- _WORK REQUIRED_
Starting with the first line of the material, reproduce exactly each line up to and including the one that contains "memory board support|", leaving out every picture.

- _DATA EXTRACT_
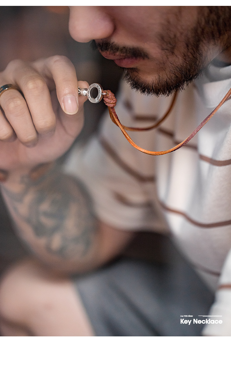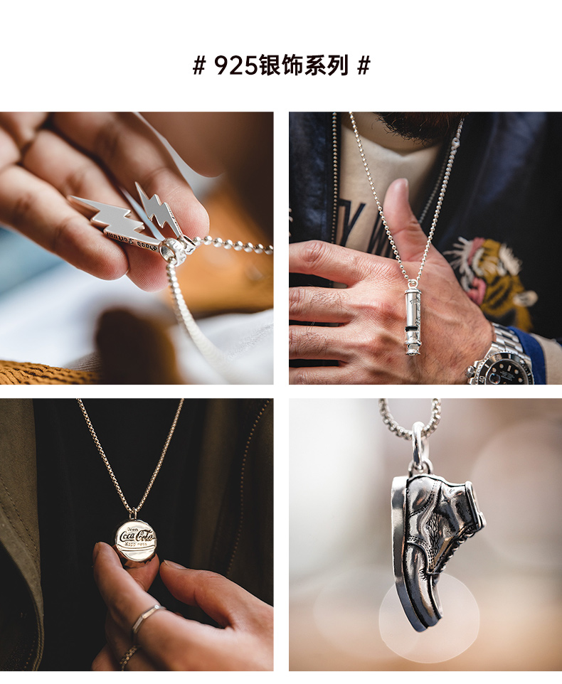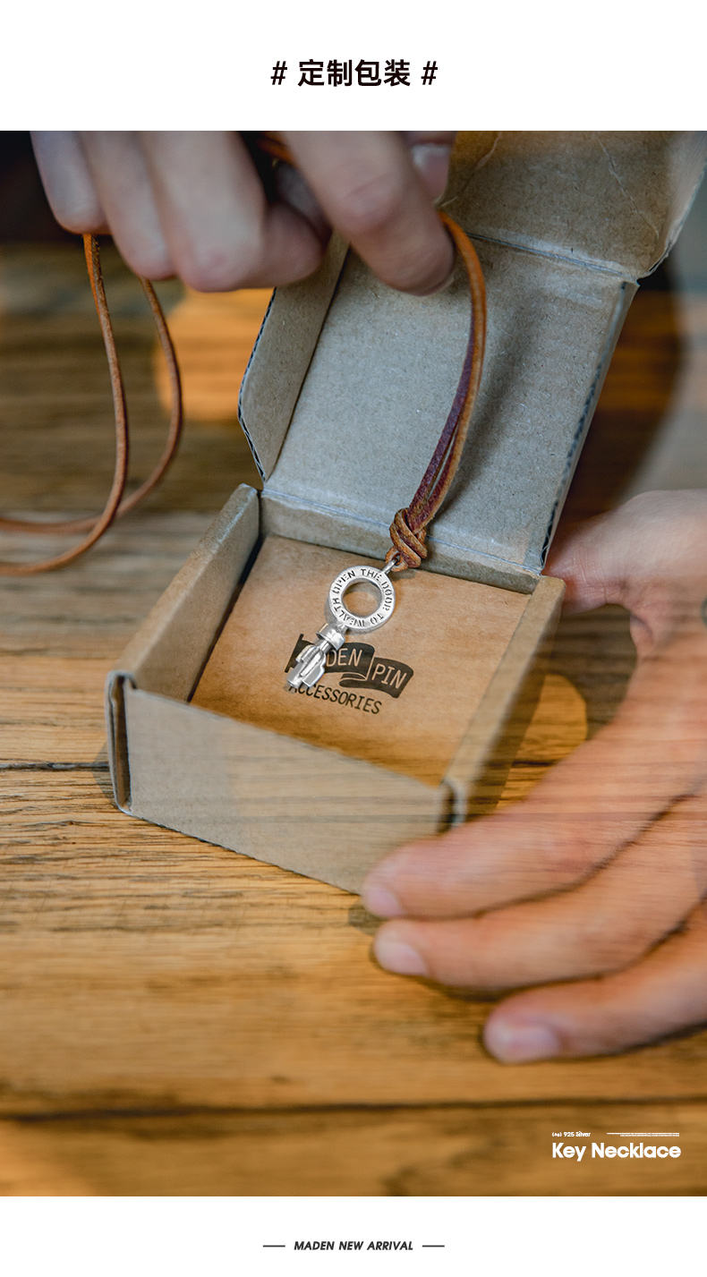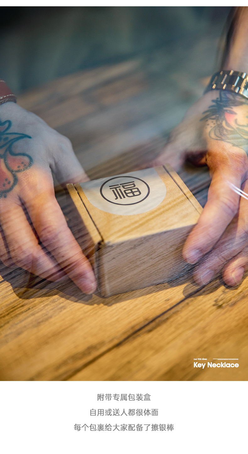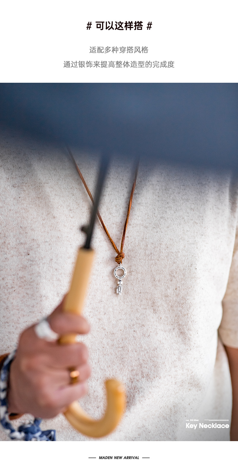 工装优选 美式复古做旧925纯银金库钥匙吊坠项链男女情侣挂件饰品
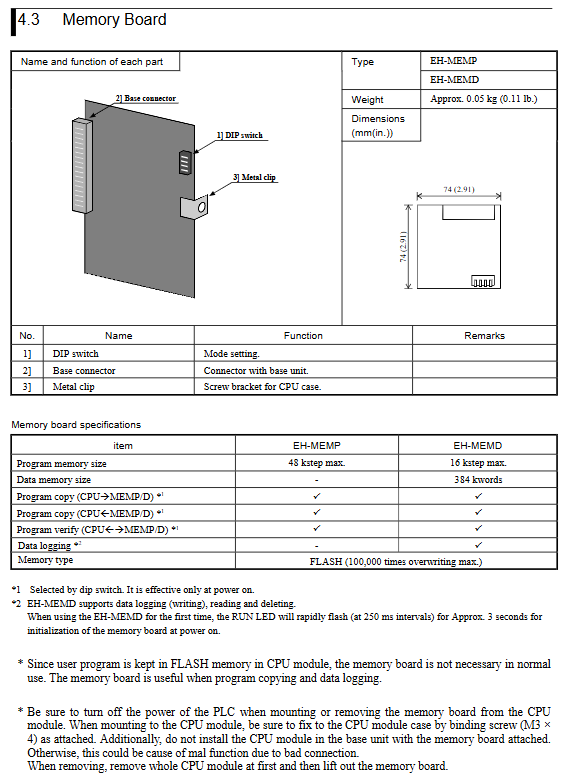 |EH-CPU448 (A) | 1024 | 48.5k steps | 0.1 µ s/instruction | 1 | Floating point operation, memory board support|
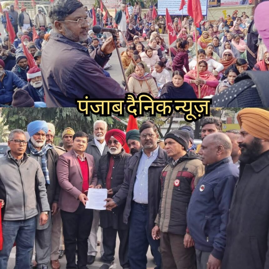 ਜਲੰਧਰ 6 ਜਨਵਰੀ ਪੰਜਾਬ ਦੈਨਿਕ ਨਿਊਜ਼ (ਮੁਨੀਸ਼ ਤੋਖੀ) ਪੇਂਡੂ ਤੇ ਖੇਤ ਮਜ਼ਦੂਰ ਜਥੇਬੰਦੀਆਂ ਦੇ ਸਾਂਝੇ ਮੋਰਚੇ ਦੇ ਸੱਦੇ ਉੱਤੇ ਅੱਜ ਇਥੇ ਡੀਸੀ ਦਫ਼ਤਰ ਅੱਗੇ ਧਰਨਾ ਲਾਕੇ, ਮਜ਼ਦੂਰ ਜਥੇਬੰਦੀਆਂ ਨੇ ਕੇਂਦਰ ਦੀ ਮੋਦੀ ਸਰਕਾਰ ਅਤੇ ਪੰਜਾਬ ਦੀ ਭਗਵੰਤ ਮਾਨ ਸਰਕਾਰ ਨੂੰ ਮਜ਼ਦੂਰ ਵਿਰੋਧੀ ਦੱਸਦਿਆਂ ਸਾਰੇ ਮਜ਼ਦੂਰ ਵਿਰੋਧੀ ਕਾਨੂੰਨ ਰੱਦ ਕਰਨ ਅਤੇ ਮਜ਼ਦੂਰਾਂ ਦੀਆਂ ਹੱਕੀ ਮੰਗਾਂ ਪ੍ਰਵਾਨ ਕਰਨ ਦੀ ਮੰਗ ਕੀਤੀ ਗਈ।ਧਰਨੇ ਨੂੰ ਪੇਂਡੂ ਮਜ਼ਦੂਰ ਯੂਨੀਅਨ ਪੰਜਾਬ ਦੇ ਸੂਬਾ ਪ੍ਰਧਾਨ ਤਰਸੇਮ ਪੀਟਰ,ਦਿਹਾਤੀ ਮਜ਼ਦੂਰ ਸਭਾ ਦੇ ਸੂਬਾ ਪ੍ਰਧਾਨ ਦਰਸ਼ਨ ਨਾਹਰ, ਪੰਜਾਬ ਖੇਤ ਮਜ਼ਦੂਰ ਯੂਨੀਅਨ ਦੇ ਸੂਬਾ ਵਿੱਤ ਸਕੱਤਰ ਹਰਮੇਸ਼ ਮਾਲੜੀ,ਪੰਜਾਬ ਖੇਤ ਮਜ਼ਦੂਰ ਸਭਾ ਦੇ ਵੀਰ ਕੁਮਾਰ ਅਤੇ ਕੁਲ ਹਿੰਦ ਖੇਤ ਮਜ਼ਦੂਰ ਯੂਨੀਅਨ ਦੇ ਸੋਢੀ ਰਾਮ ਉੱਪਲ ਨੇ ਸੰਬੋਧਨ ਕਰਦਿਆਂ ਕਿਹਾ ਕਿ ਸਮਾਜ ਦੇ ਸਭ ਤੋਂ ਦੱਬੇ ਕੁੱਚਲੇ ਲੋਕਾਂ ਦੀ ਮੰਦੀ ਹਾਲਤ ਦਾ ਕਾਰਨ ਮਨੁਵਾਦੀ ਵਿਚਾਰਧਾਰਾ ਹੈ, ਜਾਤ ਪਾਤੀ ਵਿਤਕਰਾ ਅਤੇ ਜਾਇਦਾਦ ਤੋਂ ਵਾਂਝੇ ਕੀਤੇ ਇਹ ਲੋਕ ਸਦੀਆਂ ਤੋਂ ਸਮਾਜਿਕ ਕਾਣੀ ਵੰਡ ਦਾ ਸ਼ਿਕਾਰ ਹਨ, ਉਹਨਾਂ ਕਿਹਾ ਕਿ ਹੁਣ ਮਨਰੇਗਾ ਰਾਹੀਂ ਮਿਲਦੇ ਨਿਗੂਣੇ ਰੁਜਗਾਰ ਨੂੰ ਖੋਹਕੇ ਅਤੇ ਚਾਰ ਲੇਬਰ ਕੋਡ ਲਾਗੂ ਕਰਕੇ ਕੇਂਦਰ ਸਰਕਾਰ ਨੇ ਉਸੇ ਮਨੁਵਾਦੀ ਸੋਚ ਦਾ ਪ੍ਰਗਟਾਵਾ ਕੀਤਾ ਹੈ।

- _ANSWER TO THIS TASK_
 工装优选 美式复古做旧925纯银金库钥匙吊坠项链男女情侣挂件饰品
 |EH-CPU448 (A) | 1024 | 48.5k steps | 0.1 µ s/instruction | 1 | Floating point operation, memory board support|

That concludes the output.